This post is available as a podcast at: https://podcasters.spotify.com/pod/show/s-p01/episodes/Therapy-e290rl8
We, as a society, are realizing that we all need therapy. It’s a path to ourselves. It helps us manage and grow. If we seek to be the best version of ourselves, it helps us get there. I started therapy when I was a kid, when my parents got divorced. It was mandatory, and in many ways I am grateful for it. Therapy helped me through a lot of my chaotic childhood. At the time, it felt like I was just sitting and talking with someone regularly; I didn’t see the value of the platform that I do today. This seemed like the best follow up to grief, because it is in grief that a lot of people first seek therapy.
I expect that I will be in therapy for the rest of my life, however infrequently. I’m always processing, always working on my growth. I stagnate when I go too long without therapy, it keeps me in check.

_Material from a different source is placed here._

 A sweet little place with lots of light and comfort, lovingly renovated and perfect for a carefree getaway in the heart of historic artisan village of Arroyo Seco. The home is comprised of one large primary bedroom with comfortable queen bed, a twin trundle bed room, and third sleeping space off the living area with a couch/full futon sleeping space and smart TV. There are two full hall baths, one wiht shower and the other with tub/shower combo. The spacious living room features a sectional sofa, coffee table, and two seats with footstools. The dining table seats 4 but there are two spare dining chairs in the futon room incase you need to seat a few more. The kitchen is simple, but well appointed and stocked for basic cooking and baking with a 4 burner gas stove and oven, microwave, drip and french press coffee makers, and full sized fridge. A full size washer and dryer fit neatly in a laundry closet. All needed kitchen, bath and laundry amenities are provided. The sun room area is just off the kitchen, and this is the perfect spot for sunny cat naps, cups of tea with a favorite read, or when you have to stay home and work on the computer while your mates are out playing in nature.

Good friends help a lot, but that isn’t their job. I’ve done a lot of reading, perhaps you can tell, haha. I read that the most important component in therapy is the relationship between the patient and the therapist. An excellent therapist who doesn’t connect with a patient is not going to serve them as well as a therapist that is able to build a connection and trust with them.

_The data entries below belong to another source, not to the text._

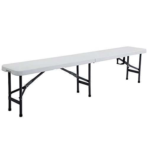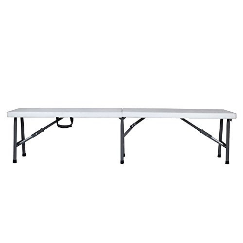 Studio : onestops8 Publisher : onestops8 Binding : Misc. Product Description The 6' Portable Plastic In/Outdoor Picnic Party Camping Dining Folding Bench is perfect for outdoor party, picnic, camping, wedding and more. It is constructed with a polyethylene top and a sturdy tubular steel frame and legs to offer high strength, water resistance, fire retardance and durability. It can be folded and extended easily provide enough space to your guests and save room for storing it under a bed or in a closet. Rubbers on the legs prevent your floor from scratches or any damage. Don't hesitate to order now!
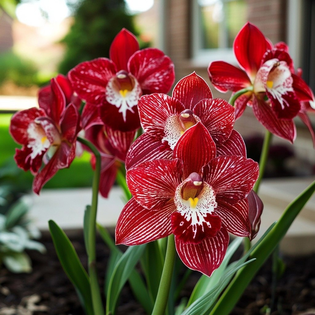 Создано на основе запроса: A realistic flowerbed in front of a cozy suburban house, planted with vibrant red orchids featuring white
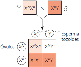 Nas imagens abaixo, o daltonismo é utilizado como exemplo. O N sobrescrito representa o alelo dominante para visão normal carregado pelo cromossomo X, e o n sobrescrito representa o alelo recessivo, que possui uma mutação que causa o daltonismo. Os quadrados brancos indicam os indivíduos não afetados, os quadrados em cor de laranja claro indicam os carreadores, e os em cor de laranja escuro, os indivíduos daltônicos.

Therapy is a lot of work on the patient side. The older attitude of walking into a therapist’s office and saying “okay, fix me” has always been short-sighted. The therapist is a guide, not a fixer. The patient does all the fixing, the therapist just helps them with insights, ideas, and work that can help the patient make the breakthroughs necessary to improve their outlook, perspective, or experience in the world and with themselves. If you’ve done much therapy – you already know this.
I started therapy when my parents got divorced, it was mandated by the court. I don’t know why it was mandated, but I’m grateful for it. That was dedicated time to me and my processing of my parents’ divorce. I was 9, and I genuinely thought their divorce was my fault. I knew that I manipulated them to get things that I wanted (all kids do!) I had internalized guilt, not just pain from the loss of a “family.” Honestly, there was more peace with my parents apart.
I’m not sure that everyone gets this, but I’m going to say it for anyone who doesn’t. My parents fought a LOT. I remember the mornings getting ready for school and hearing them shouting from the back room of our home. I remember running back to my room, throwing myself on the bed, and crying. The divorce was hard on both of them, and me, but there was less fighting. My mom struggled more with the outward emotions of anger and sadness. I was also around her more, so that could be a symptom of the time I spent around them. My mom wanted to scream, kick, and cry, but my dad shrunk away in bitterness and resentment.
I never minded the separate homes, changing from one home to another wasn’t the difficulty. The difficulty was in how my parents treated and talked about each other. They had built up so much pain between them that there was no peace between them. In many ways, there still isn’t. As a child who grew up in a home with parents that fought – the separation was better. I only wish they had been able to separate more amicably. So, when I had to separate from a husband with my child, I knew the biggest hurdle was going to be how I interacted with my ex-husband.
Children suffer in divorce, but honestly, they suffer because their parents are unhappy. Being a parent and a child of divorce, the best gift I can give my child is happy parents. Regardless of the pain or difficulty. I’m going to try and keep the peace. The fighting is the real problem. How we treat each other matters, and our children do not need to suffer our pains.
My story this week is about a visit with my therapist during my parents’ divorce.
I think therapy with children must be more difficult than adults. When children are suffering, it hurts me deeper than adults. I think that’s universal. We understand that children are not responsible for themselves, not in the way adults are, anyway. Their behaviors are addressed as a symptom of underlying problems or pain from their environment. This is true of adults, but somehow we see it more clearly in kids. Maybe it’s the innocence?
I went to therapy a lot. I would tell them about my week, my interests, my experiences. I remember a lot of toys sitting around for kids to play with in therapy. I didn’t usually play. I sat, curled up on a chair. Sometimes I brought stuff to do with me if there was a wait. I remember liking my therapist, but feeling rather distanced from her. I know that the experience helped me learn a lot and become more introspective.
One day I did play with the toys. There was a 3×3 puzzle toy, like a flat Rubic’s cube, and I sort of fell in love with it. I don’t remember if she gave it to me because I loved it so much, or if I got one as a gift because I loved the one at my therapist’s office. I kept the one I got, though. It had a blue background and a black and white cat. I wish I knew where it went, but I don’t think I have it anymore. It’s amazing the things that we carry with us.
If you’re struggling and you want to improve, go to therapy.
Find some happiness this week. With Love, -S.